**THE DATA:**

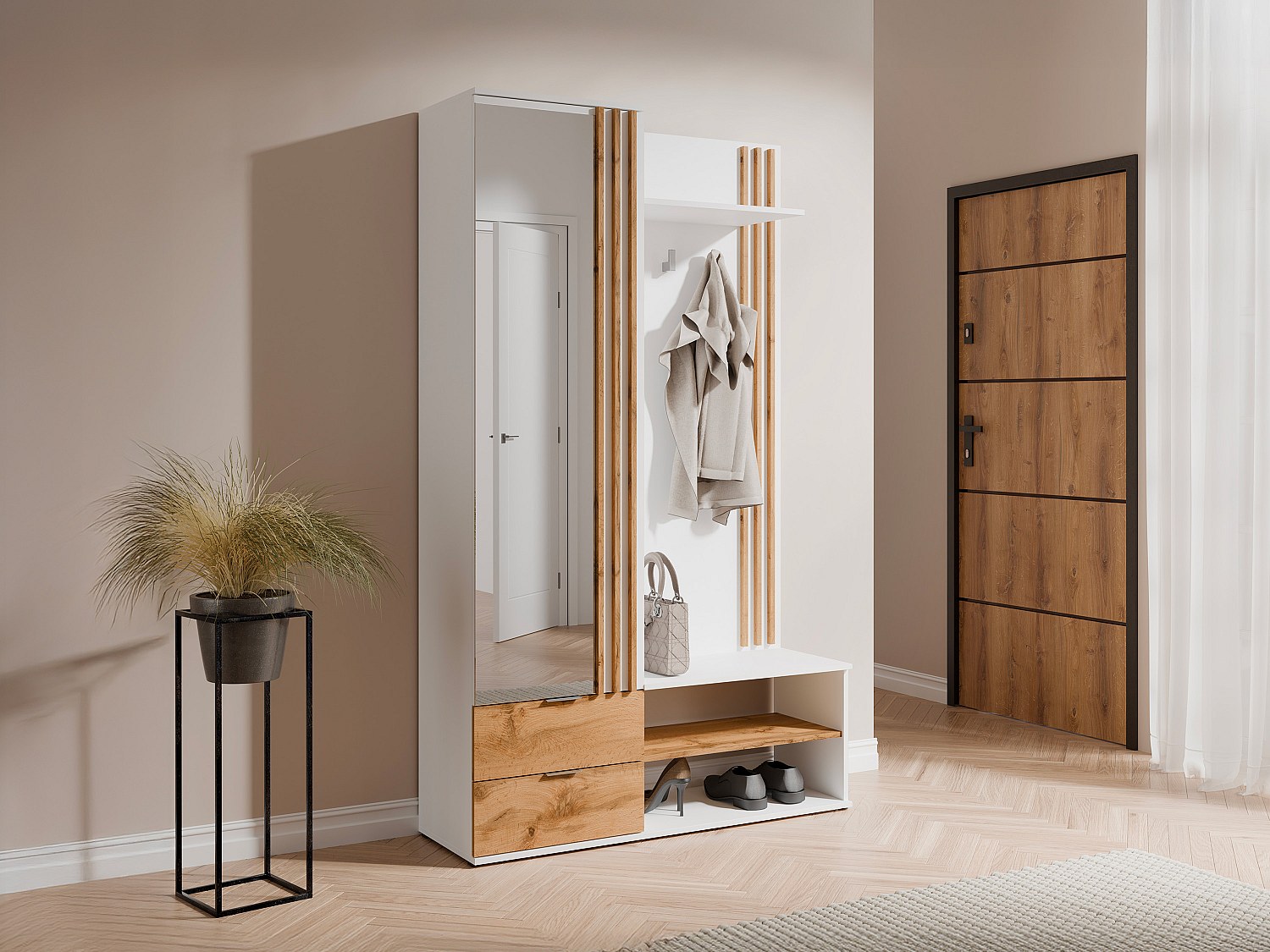 Hallmöbel med spegel och förvaring - Vit och Natur - JANAKIA
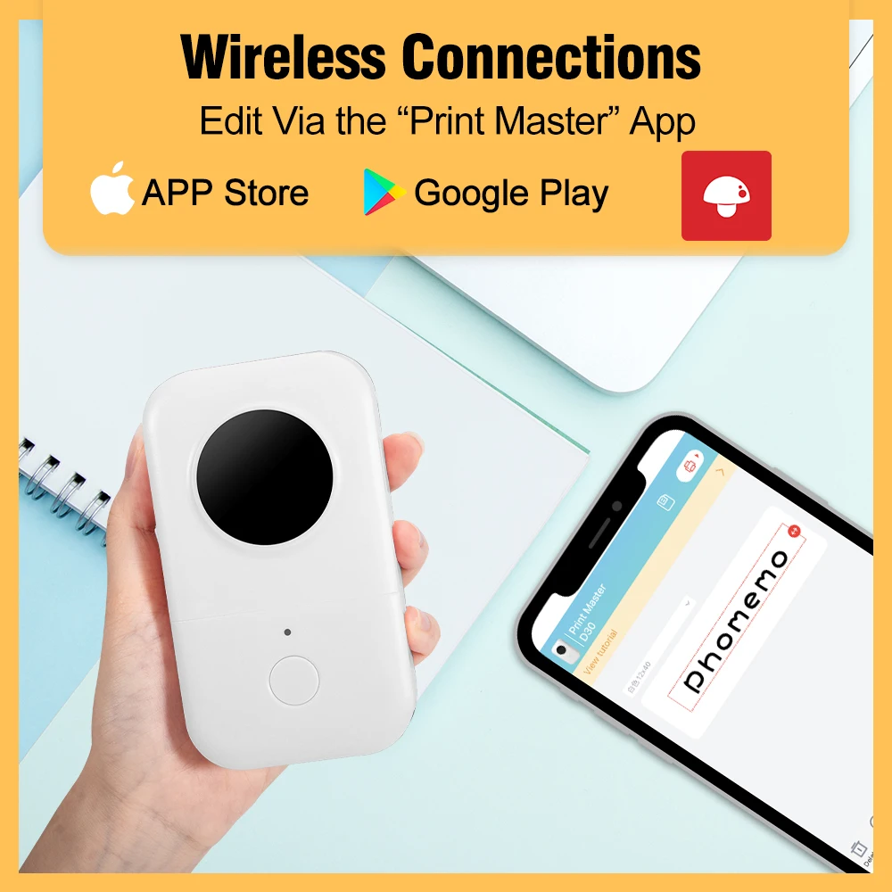 Phomemo D30 термальный принтер этикеток беспроводное соединение и использование технологии термопечати, которые не являются чернилами или тонером. Система для Android 4,0 и IOS 8,0 или выше. Мини портативный размер (131,1x75,5x29 мм) и всего 160 г, который можно легко взять в любом месте. Черный на белых печатных принтах. Можно напечатать на прозрачных лентах этикеток.
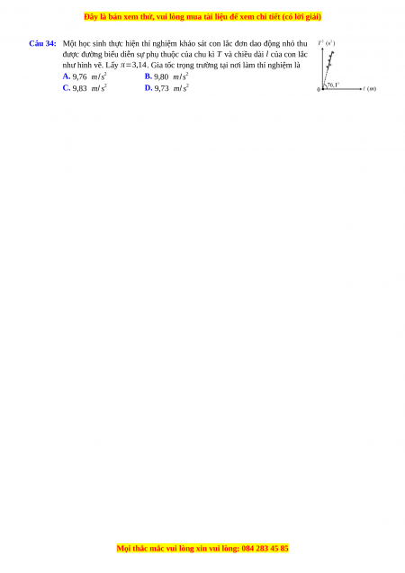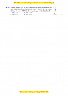 Câu 34: Một học sinh thực hiện thí nghiệm khảo sát con lắc đơn dao động nhỏ thu
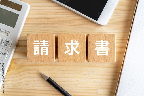 請求書と書かれたブロックが置かれた机
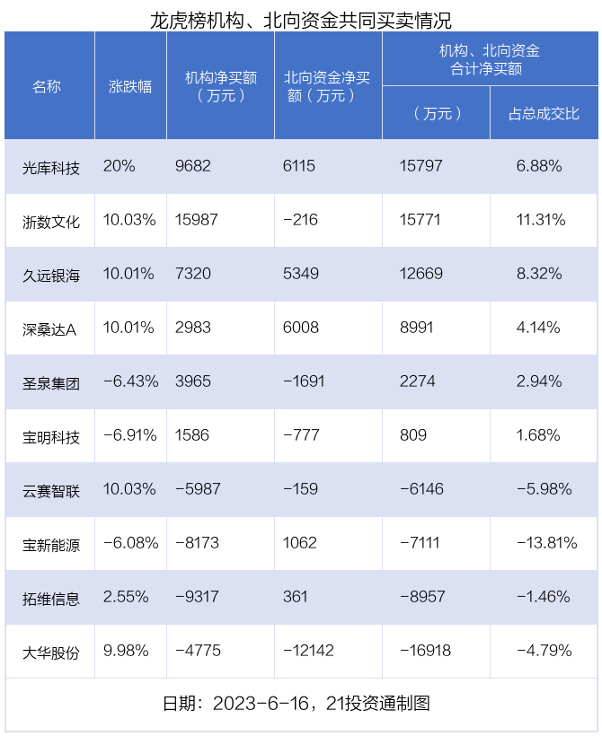 值得注意的是,机构和北向资金共同净买入了光库科技、深桑达A、久远银海等3股;共同净卖出了云赛智联、大华股份等2股;在宝新能源,拓维信息,浙数文化,宝明科技,圣泉集团上出现分歧,机构净卖出宝新能源8173.5万元,北向资金净买入1062.16万元;机构净卖出拓维信息9317.43万元,北向资金净买入360.8万元;机构净买入浙数文化1.6亿元,北向资金净卖出215.88万元;机构净买入宝明科技1585.53万元,北向资金净卖出776.89万元;机构净买入圣泉集团3964.89万元,北向资金净卖出1690.62万元。

**WHAT YOU NEED TO DO:** In the copy, every entry appears exactly as written above and no picture appears.

**SOLUTION TO THIS TASK:**
 Hallmöbel med spegel och förvaring - Vit och Natur - JANAKIA
 Phomemo D30 термальный принтер этикеток беспроводное соединение и использование технологии термопечати, которые не являются чернилами или тонером. Система для Android 4,0 и IOS 8,0 или выше. Мини портативный размер (131,1x75,5x29 мм) и всего 160 г, который можно легко взять в любом месте. Черный на белых печатных принтах. Можно напечатать на прозрачных лентах этикеток.
 Câu 34: Một học sinh thực hiện thí nghiệm khảo sát con lắc đơn dao động nhỏ thu
 請求書と書かれたブロックが置かれた机
 值得注意的是,机构和北向资金共同净买入了光库科技、深桑达A、久远银海等3股;共同净卖出了云赛智联、大华股份等2股;在宝新能源,拓维信息,浙数文化,宝明科技,圣泉集团上出现分歧,机构净卖出宝新能源8173.5万元,北向资金净买入1062.16万元;机构净卖出拓维信息9317.43万元,北向资金净买入360.8万元;机构净买入浙数文化1.6亿元,北向资金净卖出215.88万元;机构净买入宝明科技1585.53万元,北向资金净卖出776.89万元;机构净买入圣泉集团3964.89万元,北向资金净卖出1690.62万元。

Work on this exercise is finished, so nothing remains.